Write out exactly the lines below from the one containing "Hauptpostamt, vom 07.04.1902." to the last, both ends kept, and nothing more; skip all pictures.

> **Provided material**:
□ □ □ □ □

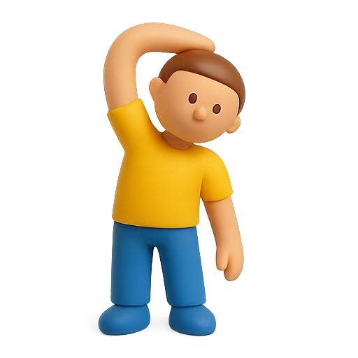 /Collection: /by davooda/Type: PNG/A vibrant 3D illustration of a cartoon character in a stretching pose, ideal for wellness or fitness-related content. The character features a friendly expression, making it appealing for educational or promotional materials.
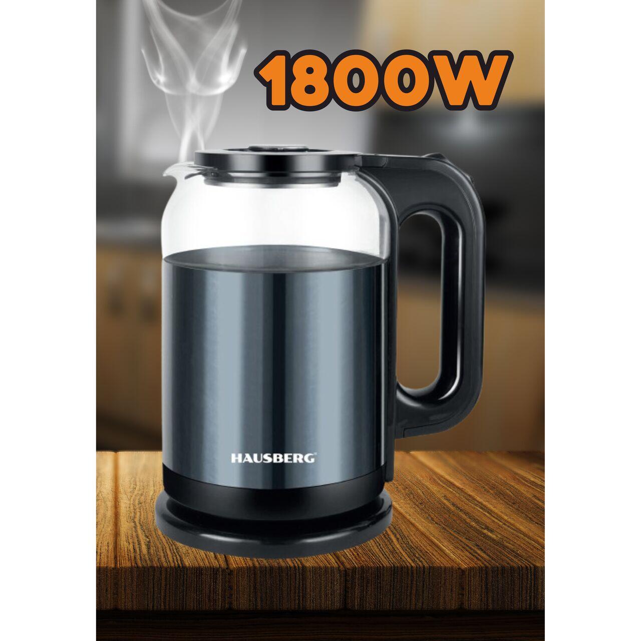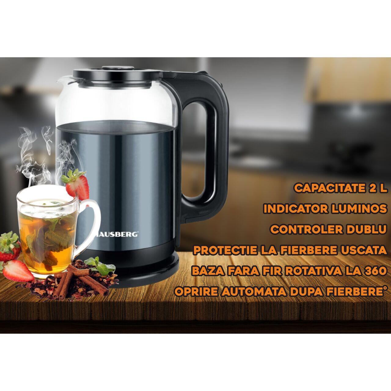 Cana electrica fierbator HAUSBERG HB-3622BL, 1500 - 1800W, capacitate 2L, oprire automata, indicator luminos, Bleu-Negru
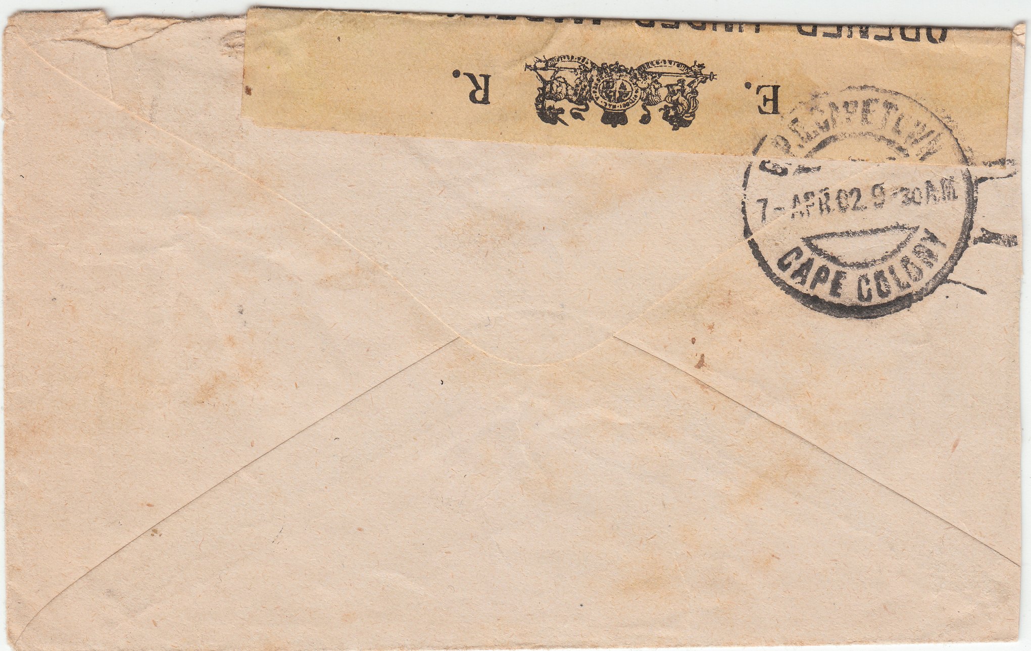 Rückseitig Tagesstempel "G.P.O CAPETOWN CAPE COLONY", also vom General Post Office = Hauptpostamt, vom 07.04.1902.
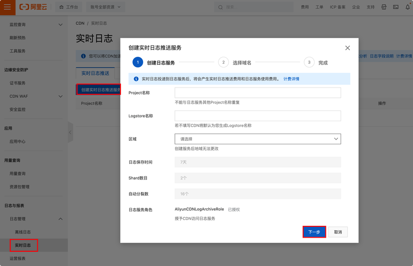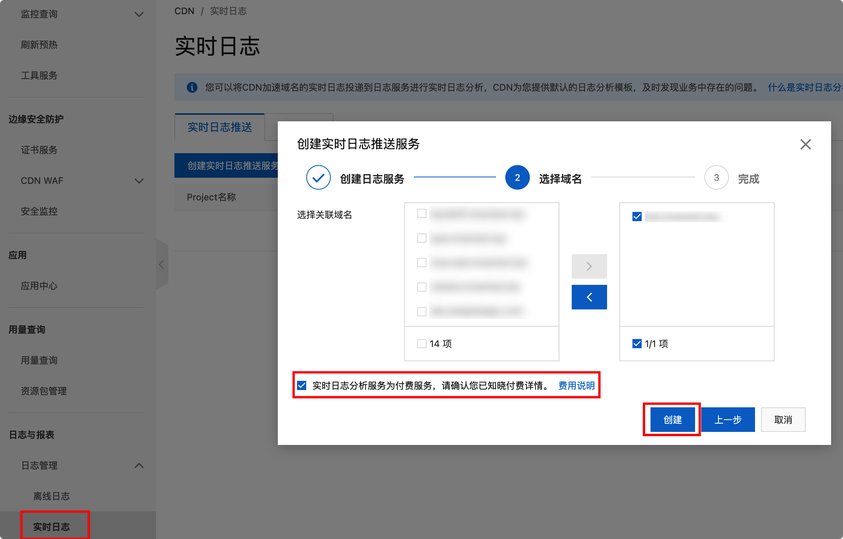 登录CDN控制台,在左侧导航栏,单击日志管理 > 实时日志,在实时日志推送页签,创建实时日志推送服务,选择需要开启实时日志的域名后创建。

□ □ □ □ □

> **Solution to this exercise**:
 Rückseitig Tagesstempel "G.P.O CAPETOWN CAPE COLONY", also vom General Post Office = Hauptpostamt, vom 07.04.1902.
 登录CDN控制台,在左侧导航栏,单击日志管理 > 实时日志,在实时日志推送页签,创建实时日志推送服务,选择需要开启实时日志的域名后创建。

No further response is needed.